The beauty of sklearn is that is easy to try different models. Let’s try a single nearest-neighbor classifier:

from sklearn.neighbors import KNeighborsClassifier

m1NN = KNeighborsClassifier(1)
_t = m1NN.fit(Xt, yt)
m1NN.score(Xv, yv)
## 0.9910979228486647

This one achieved very good score on validation data. What about 5-nearest neighbors?

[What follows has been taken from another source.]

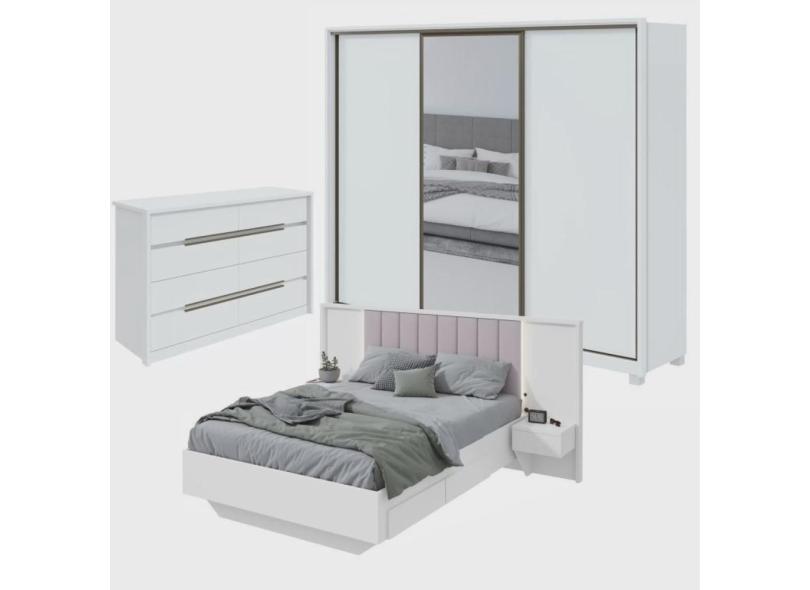 O menor preço encontrado no Brasil para Quarto com Guarda-Roupa com Espelho 3 Portas 6 Gavetas, Cômoda Urban 8 Gavetas e Cama Solaris atualmente é R$ 4.499,85.

from sklearn.neighbors import KNeighborsClassifier

m5NN = KNeighborsClassifier(5)
_t = m5NN.fit(Xt, yt)
m5NN.score(Xv, yv)
## 0.9821958456973294

The accuracy is almost as good as in single-nearest-neighbor case. We can also try decision trees:

from sklearn.tree import DecisionTreeClassifier

mTree = DecisionTreeClassifier()
_t = mTree.fit(Xt, yt)
mTree.score(Xv, yv)
## 0.8664688427299704

Trees were clearly inferior here.

Instead of training-validation split, we can use cross-validation:

from sklearn.model_selection import cross_val_score

cross_val_score(mLogistic, Xw, yw, cv=5).mean()
## np.float64(0.9539749414842351)
cross_val_score(m1NN, Xw, yw, cv=5).mean()
## np.float64(0.989607600165221)
cross_val_score(m5NN, Xw, yw, cv=5).mean()
## np.float64(0.9829244114002478)
cross_val_score(mTree, Xw, yw, cv=5).mean()
## np.float64(0.8456120060581027)

Cross-validation basically replicated training-validation split results and the best model again appears to be 1-NN. But the lead in front of 5-NN is just tiny. But we can pick 1-NN as our preferred model.

Fianlly, the hold-out data gives us the final performance measure:

m1NN.score(Xh, yh)
## 0.9733333333333334

Now we have computed the final model accuracy, we should not change the model any more.